Entropy-Based Block Processing for Satellite Image Registration

Ikhyun Lee; Doo-Chun Seo; Tae-Sun Choi

doi:10.3390/e14122397

Abstract

Image registration is an important task in many computer vision applications such as fusion systems, 3D shape recovery and earth observation. Particularly, registering satellite images is challenging and time-consuming due to limited resources and large image size. In such scenario, state-of-the-art image registration methods such as scale-invariant feature transform (SIFT) may not be suitable due to high processing time. In this paper, we propose an algorithm based on block processing via entropy to register satellite images. The performance of the proposed method is evaluated using different real images. The comparative analysis shows that it not only reduces the processing time but also enhances the accuracy.

Keywords:

image registration; electro-optics; block processing

1. Introduction

Image registration is an important task in many computer vision applications such as fusion systems, 3D shape recovery and earth observation. Particularly, satellite image registration is a challenging task due to large image size and huge resources consumption. A satellite image can occupy hundreds of megapixels in several spectral bands. Though the high resolution images provide more details, it is not efficient to process the whole image for registration due to the limited resources. Moreover, common global transformations provide limited performance on high resolution image.

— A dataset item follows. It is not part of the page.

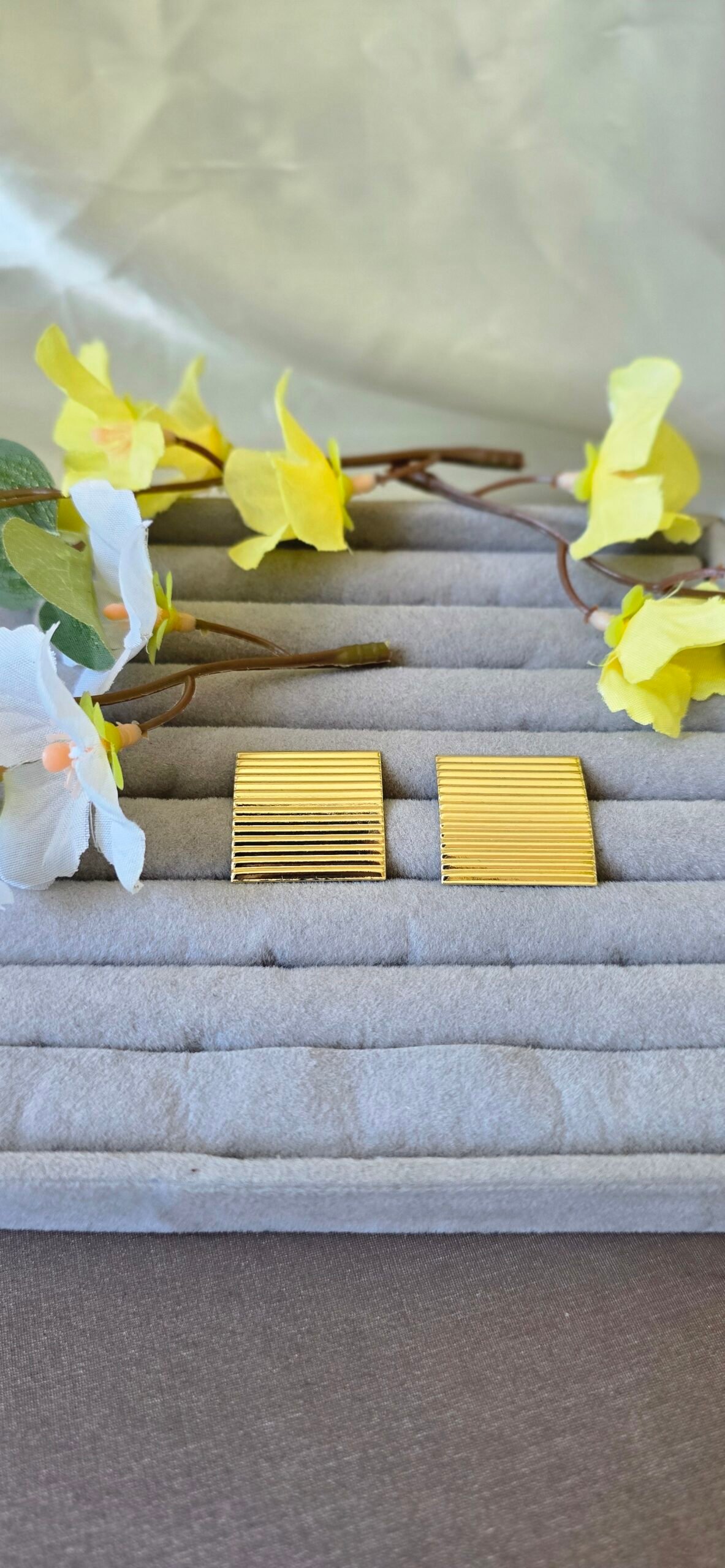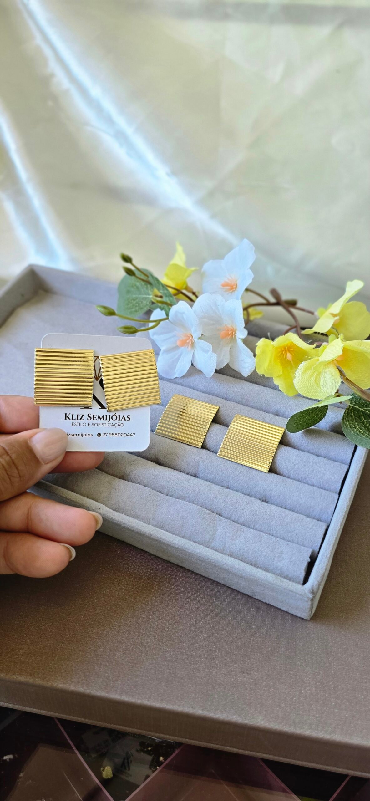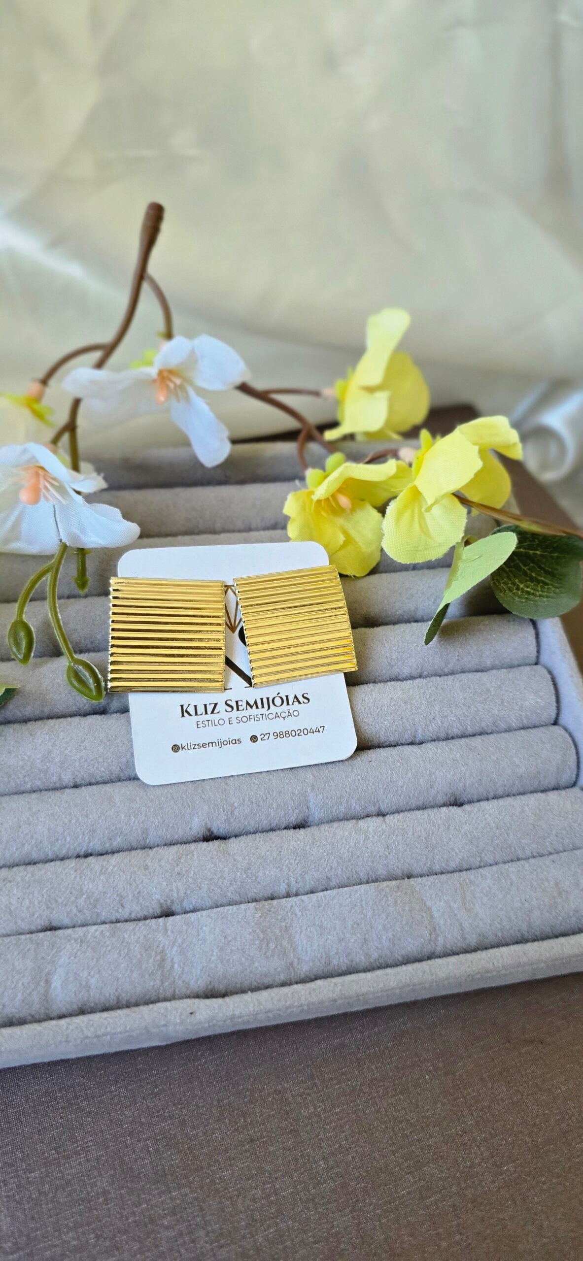 Elegância com personalidade em cada detalhe. O Brinco Quadrado Dourado Texturizado se destaca pelo acabamento com frisos delicados, que criam um efeito moderno e sofisticado, refletindo a luz de forma sutil e charmosa.
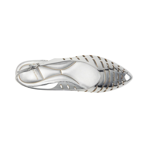 Kenneth Cole New York Calabra is perfect from day trips to romantic evening strolls. Crafted from leather upper, and synthetic lining, this pair of sandals features a pointy peep toe and geometric perforations create a futuristic aesthetic on a metallic slingback flat set on a cushioned footbed and barely-there block heel.

Mikojclyk and Schmid [1] evaluated the performance of local descriptors and showed that scale-invariant feature transform (SIFT) provides the best performance with respect to other descriptors, including shape context [2], steerable filter [3], differential invariants [4], and spin image [5]. In the literature, SIFT [6,7] has been used to register spectral images. The major drawback of the SIFT-based method is its high time complexity. In order to reduce its processing time, a few attempts have been made, such as principal component analysis SIFT (PCA-SIFT) [8] and speeded up robust features (SURF) [9]. These methods are able to speed up the basic SIFT method; however, the accuracy is deteriorated [10]. In addition, a few approaches based on fast-matching techniques have been proposed to overcome these problems, especially to improve the speed. These works include the nearest neighbor distance ratio (NNDR) [1], which uses the threshold for the ratio between the first and the second nearest neighbor descriptors, and the kd-tree [7,11], which is widely used to determine the feature index and hierarchical structure to find the nearest neighbor relationships and similarity query in a set of multi-dimensional points. These methods may provide gains in efficiency but they do not improve the speed for an exhaustive search in a 10-dimensional or higher space. Moreover, the above-mentioned feature-based methods and area-based methods [12] are not suitable for satellite image registration due to their expensive computation and large memory requirement.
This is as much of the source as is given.